He looked distracted. Keith
wiped his hands on his napkin and then pulled something out of his pocket. As
soon as I saw him get down on one knee, I knew what was happening. “Angelina,
over the last few months, I have fallen for you deeply. I cannot image spending
the rest of my life with anyone else. Would you marry me?” By
then, everyone in the restaurant was staring at us. I knew the situation was
about to get more embarrassing because I was finally going to listen to God and
my sister and Pastor Edward. I
rolled up the sleeves of my dress so that Keith could get a good look at the
scars on my wrists. His eyes widened in shock when he realized what I had once
done. “Keith,”
I said, “when we went on our first date, I thought you would run away when you
realized that I was in a wheelchair. Somehow, you have managed to look past
that and my depression. But despite how close we have become over the last few
months, I have still not been very honest with you.” “What
do you mean, Angelina?” Keith asked. “What does this have to do with marrying
me? You are not the first person to cut and you will not be the last.” “I
told you I was paralyzed in a car accident,” I said. “What I did not tell you
was that I caused the accident. Keith
suddenly realized that everyone in the restaurant was staring so he pushed me
outside so that we could talk privately. “Continue,”

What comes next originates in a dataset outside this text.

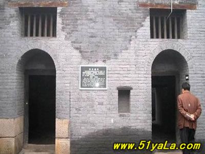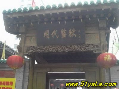 “蘇三監(jiān)獄”在今洪洞縣政府院內(nèi)西南,亦即明洪洞縣衙西南角。一進(jìn)掛有“明代監(jiān)獄”匾額的大門,首先看到的便是蘇三的塑像,外院當(dāng)年監(jiān)獄的辦公場所,右邊的院落是普通監(jiān)牢,中間是過道,兩邊共有監(jiān)牢十余間,過道頂上布有鐵絲網(wǎng),網(wǎng)上掛有銅鈴,一有犯人企圖越墻逃跑,便會觸響銅鈴。過道的盡頭,正對的是獄卒的值班室,右面的墻上有獄神的供位,傳說當(dāng)年囚犯入獄都要參拜獄神,就是獄神下面的墻基處,有一小洞,是當(dāng)年運(yùn)送尸體的出口,犯人在獄中病死或是被打死,是不能從大門抬出去的,只能從這個小洞拉出去。過道盡頭的左邊,便是死囚牢的大門,死囚牢雙門雙墻,門上畫有狴犴,狴犴是龍的兒子,長得卻象老虎,因此人們誤稱為“虎頭牢”,大約是因?yàn)辇埳抛樱幼硬煌?,狴犴專門掌管刑獄,大門只有一米六高,所有進(jìn)入死囚牢的人都要在狴犴像前低頭,顯示對法律的敬畏。進(jìn)了門洞,里面還有一道門,而這兩道門卻是一扇從右開,一扇從左開,不明就里的囚犯如果越獄,往往出了第一道門卻怎么也打不開第二道門,一個小小的改動就能起到拖延犯人越獄時間的作用,不能不佩服古人的智慧。進(jìn)入死牢院,右面是一堵高墻,左面就是當(dāng)年關(guān)押蘇三的牢房,里面有蘇三的塑像。死囚院的中央還有當(dāng)年蘇三坐監(jiān)時洗衣的水井和石槽,井口留有一道道繩索磨下的印記,井口只有半尺多寬,這是為了防止死囚投井自殺。據(jù)說,右面的高墻里灌裝的都是流沙,如果犯人想要挖墻越獄,流沙便會從挖開的小口中源源不斷地流來,使其難以挖通圍墻。1964年我國著名考古學(xué)家王冶秋先生曾在洪洞考察確認(rèn),蘇三監(jiān)獄為我國罕見的明代監(jiān)獄,并題詩曰:“虎頭牢里羈紅妝,一曲攪亂臭水漿。王三公子今何在?此處空留丈八墻?!笔陝觼y期間,蘇三監(jiān)獄被拆毀。為了使“蘇三監(jiān)獄”這一僅存的明代監(jiān)獄得以保留,洪洞縣人民政府后做出了修復(fù)“明代蘇三監(jiān)獄”的決定。修復(fù)事宜于1984年5月開始,同年10月竣工。

Keith said. I could not tell his mood based on how he said this. “I
was very badly depressed and I purposely crashed my car. I was hoping to die
but I did not. I eventually found Jesus because of it though.” “Wait
a minute. This story sounds really familiar.” “I
am Shawna Davis,” I admitted. “A Teenager’s
Depression is all about me.” “Angelina,
why are you telling me all this now?” “I
was honestly hoping that our relationship would fall apart before things got
too serious. That was not God’s plans though. God told me I should tell you the
truth but I ignored Him. Tonight though, I felt led to tell you. You have been
very accepting of my wheelchair and depression and you deserve to know the
whole truth." “Is
that all?” Keith asked. Again, I could not tell what he was thinking. “Yes,”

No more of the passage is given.